Erotic Latin glossaries

{NOTE: Glossarium eroticum linguæ Latinæ, sive theogoniæ, legum et morurn nuptialium apud Romanos explanatio nova, auctore P. P. (Parisiis, Dondey-Dupré, 1826, in 8vo). P. P. is supposed to be Chevalier Pierre Pierrugues, an engineer who made a plan of Bordeaux and who annotated the Erotica Biblion. Gay writes, "On s'est servi pour cet ouvrage des travaux inédits de M. le Baron de Schonen, etc. Quant au Chevalier Pierre Pierrugues, qu'on désignait comme l'auteur de ce savant volume, son existence n'est pas bien avérée, et quelques bibliographies persistent à penser que ce nom cache la collaboration du Baron de Schonen et d'Eloi Johanneau." Other glossicists as Blondeau and Forberg have been printed by Liseux, Paris.}

give some ninety words connected with Pederasty and some, which "speak with Roman simplicity," are peculiarly expressive. "Aversa Venus" alludes to women being treated as boys: hence Martial, translated by Piron, addresses Mistress Martial (x. 44): -

Teque puta, cunnos, uxor, habere duos.

The capillatus or comatus is also called calamistratus, the darling curled with crisping irons; and he is an Effeminatus, i.e. qui muliebria patitur; or a Delicatus, slave or eunuch for the use of the Draucus, Puerarius (boy lover) or Dominus (Mart. xi. 71). The Divisor is so called from his practice, Hillas dividere or cædere, something like Martial's cacare mentulam or Juvenal's Hesternæ, occurrere cænæ. Facere vicibus (Juv. vii. 238), incestare se invicem or mutuum facere (Plaut. Trin. ii. 437), is described as "a puerile vice," in which the two take turns to be active and passive: they are also called Gemelli and Fratres = compares in pædicatione. Illicita libido is = præpostera seu postica Venus, and is expressed by the picturesque phrase indicare (seu incurvare) aliquem. Depilatus, divellere pilos, glaber, lævis and nates pervellere are allusions to the Sotadic toilette. The fine distinction between demittere and dejicere caput are worthy of a glossary, while Pathica puella, puera, putus, pullipremo, pusio, pygiaca sacra, quadrupes, scarabæus and smerdalius explain themselves.

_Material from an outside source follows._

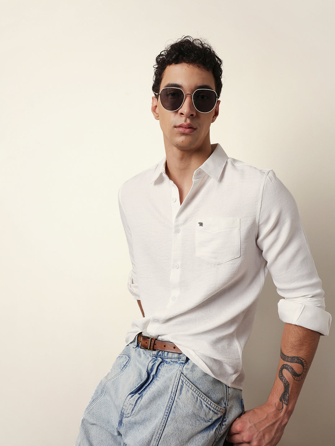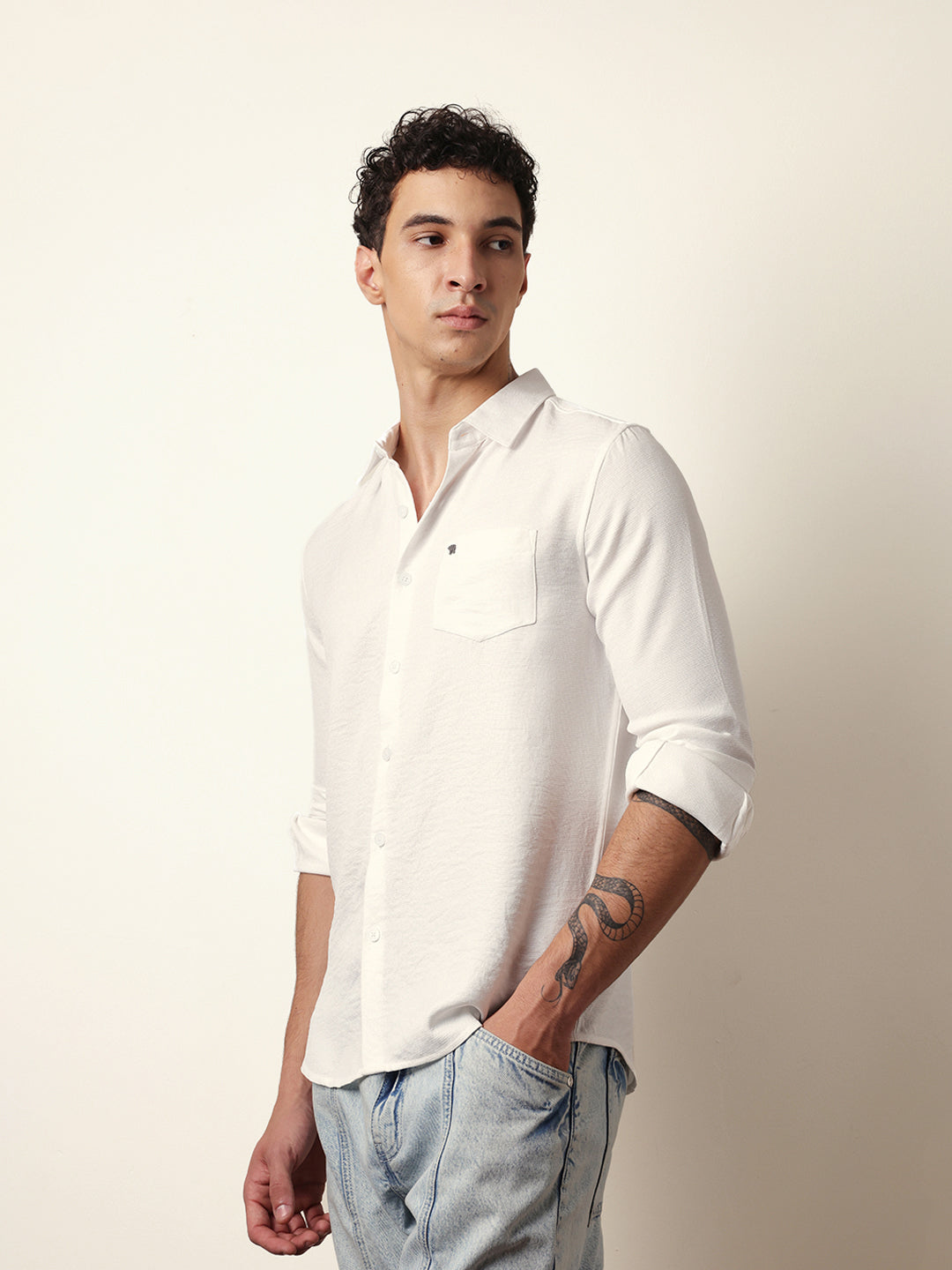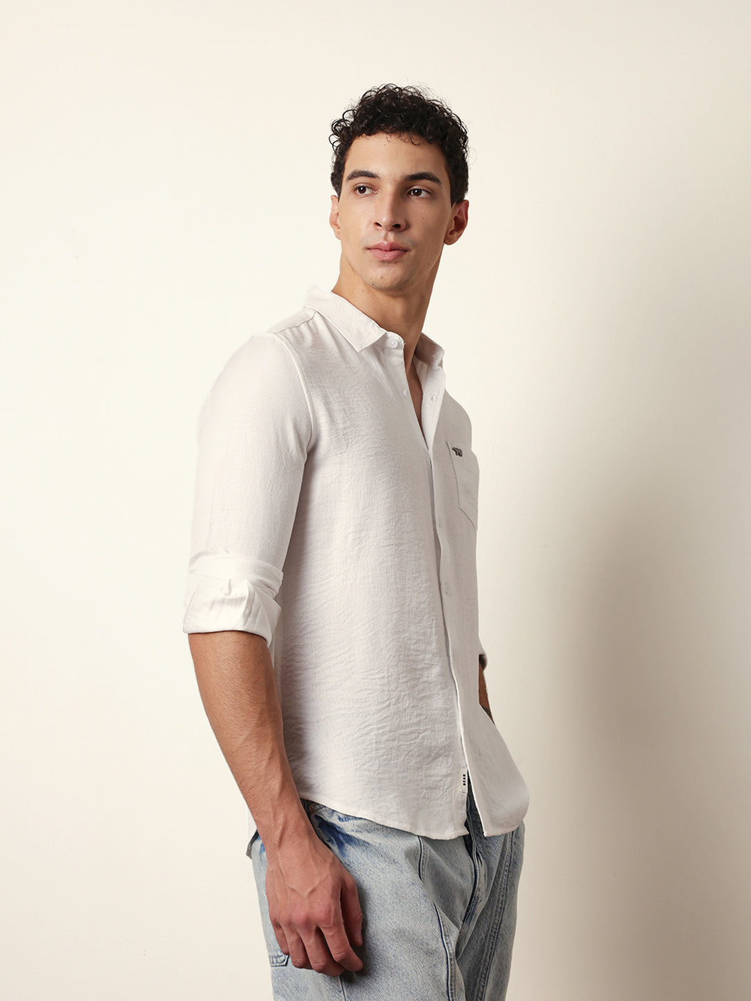 Shop White Woven Solid Slim Fit Casual Shirt Online.

From Rome the practice extended far and wide to her colonies, especially the Provincia now called Provence. Athenæus (xii. 26) charges the people of Massilia with "acting like women out of luxury"; and he cites the saying "May you sail to Massilia!" as if it were another Corinth. Indeed the whole Keltic race is charged with the Vice by Aristotle (Pol. ii. 66), Strabo (iv. 199) and Diodorus Siculus (v. 32). Roman civilization carried pederasty also to Northern Africa, where it took firm root, while the negro and negroid races to the South ignore the erotic perversion, except where imported by foreigners into such kingdoms as Bornu and Haussa. In old Mauritania, now Morocco,

{NOTE: This magnificent country which the petty jealousies of European condemn, like the glorious regions about Constantinople, to mere barbarism, is tenanted by three Moslem races. The Berbers, who call themselves Tamazight (plural of Amazigh), are Gætulian indigenes speaking an Africo-Semitic tongue (see Essai de Grammaire Kabyle, etc. par A. Hanoteau, Paris, Benjamin Duprat). The Arabs, descended from the conquerors in our eighth century, are mostly nomads and camel-breeders. ¬Third and last are the Moors proper, the race dwelling in towns, a mixed breed originally Arabian but modified by six centuries of Spanish residence and showing by thickness of feature and a parchment colored skin, resembling the American Octoroons, a negro innervation of old date. The latter are well described in "Morocco and the Moors," etc. (Sampson Low and Co., 1876), by my late friend, Dr. Arthur Leared, whose work I should like to see reprinted.}

the Moors proper are notable sodomites; Moslems, even of saintly houses, are permitted openly to keep catamites, nor do their disciples think worse of their sanctity for such license: in one case the English wife failed to banish from the home "that horrid boy."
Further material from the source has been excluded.